The paper’s central lesson is that you cannot fix this after dispatch, so defenses have to move earlier in the pipeline.

• Gate speculation at issue time. Apply the paper’s framing: decide what a speculative call may reveal before it leaves the runtime, not after the branch resolves. Suppress or rewrite the argument and destination projection of low-confidence speculative calls.
• Don’t rely on rollback or allow-lists for privacy. Commit-time cleanup, read-only modes, and access-control allow-lists are valid integrity controls but, per the findings, do nothing to undo a disclosure an external observer already received.
• Restrict speculation to trusted, idempotent, low-sensitivity tools. Local or first-party tools leak to no third party; reserve speculative pre-dispatch for those and disable it for tools that carry user content to external endpoints.

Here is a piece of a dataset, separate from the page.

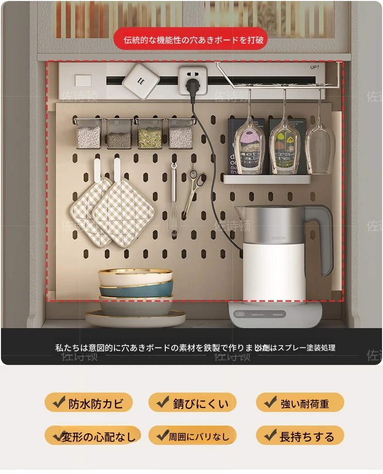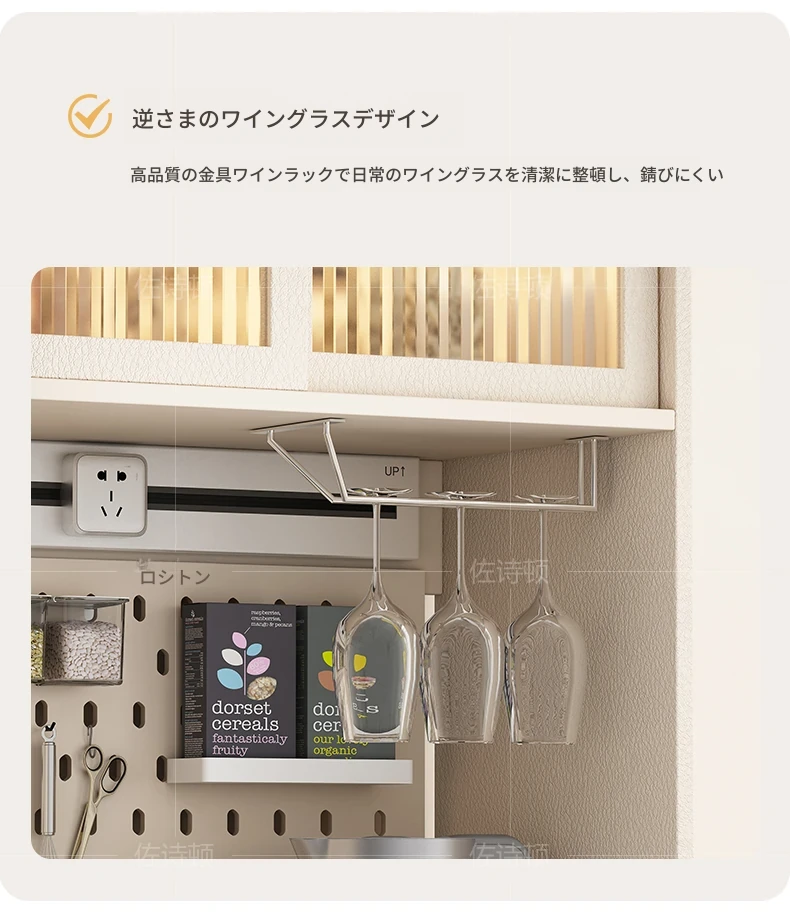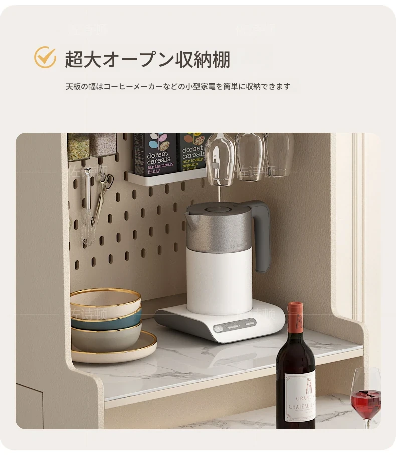ダイニングテーブルとサイドキャビネット一体型+ボード+移動式電源タップ

• Minimize what speculative arguments carry. Send placeholders or coarsened arguments speculatively and substitute the real values only on commit, so an abandoned branch reveals little.

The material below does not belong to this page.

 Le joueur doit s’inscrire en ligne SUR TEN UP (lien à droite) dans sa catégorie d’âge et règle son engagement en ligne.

• Treat speculative dispatch as a logged, auditable event. Apply least-privilege agency (OWASP LLM06) and record which external parties received speculative calls, so intent leakage is at least observable.

Status

This is published academic research describing a structural privacy weakness in speculative agent execution and a proposed runtime mitigation, not a vulnerability in a specific named product, and no exploit code is involved. Key date: arXiv preprint 2606.02483, version 1, submitted 1 June 2026 (cs.CR / cs.AI / cs.CL). The Speculative Tool Privacy Contracts described are a research prototype; treat the issue-time mitigation principle as the actionable takeaway rather than a shipped library.